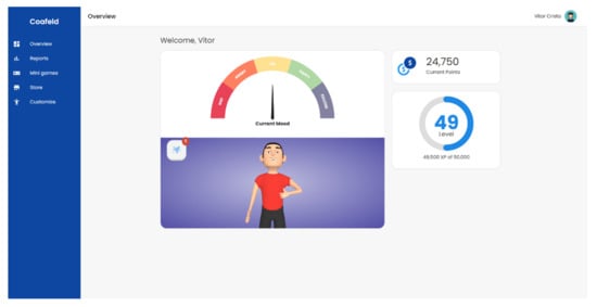 The developed application also presents a cognitive virtual assistant that holds an emotional state corresponding to the user progress, which will improve as the user improves his/her health condition and decrease as the user worsens his/her health condition (see Figure 3). To measure the current emotional state of the cognitive assistant, we evaluate all coaching plans assigned to that user in terms of the number of goals that were successfully achieved by that user and the total number of goals that needed to be achieved during that coaching plan’s execution. The details of these plans are described in more detail in our previous work, in [27]; however, the general idea is to establish different health goals for parameters that are monitored, which must be over/under/equal to a certain range or value.
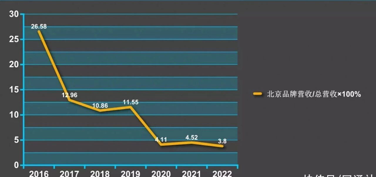 逐年遞減,2022年北京品牌貢獻隻占總營收3.8%
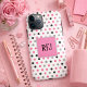 Joli et girly, ce boîtier de téléphone abordable présente des pois rose, noir et gris sur un arrière - plan blanc. Au centre se trouve une boîte monogrammée avec un modèle pour insérer vos initiales.

————

> _WORK ORDER_
Leave out the pictures and reproduce the rest of the listing exactly.

> _YOUR RESPONSE_
 The developed application also presents a cognitive virtual assistant that holds an emotional state corresponding to the user progress, which will improve as the user improves his/her health condition and decrease as the user worsens his/her health condition (see Figure 3). To measure the current emotional state of the cognitive assistant, we evaluate all coaching plans assigned to that user in terms of the number of goals that were successfully achieved by that user and the total number of goals that needed to be achieved during that coaching plan’s execution. The details of these plans are described in more detail in our previous work, in [27]; however, the general idea is to establish different health goals for parameters that are monitored, which must be over/under/equal to a certain range or value.
 逐年遞減,2022年北京品牌貢獻隻占總營收3.8%
 Joli et girly, ce boîtier de téléphone abordable présente des pois rose, noir et gris sur un arrière - plan blanc. Au centre se trouve une boîte monogrammée avec un modèle pour insérer vos initiales.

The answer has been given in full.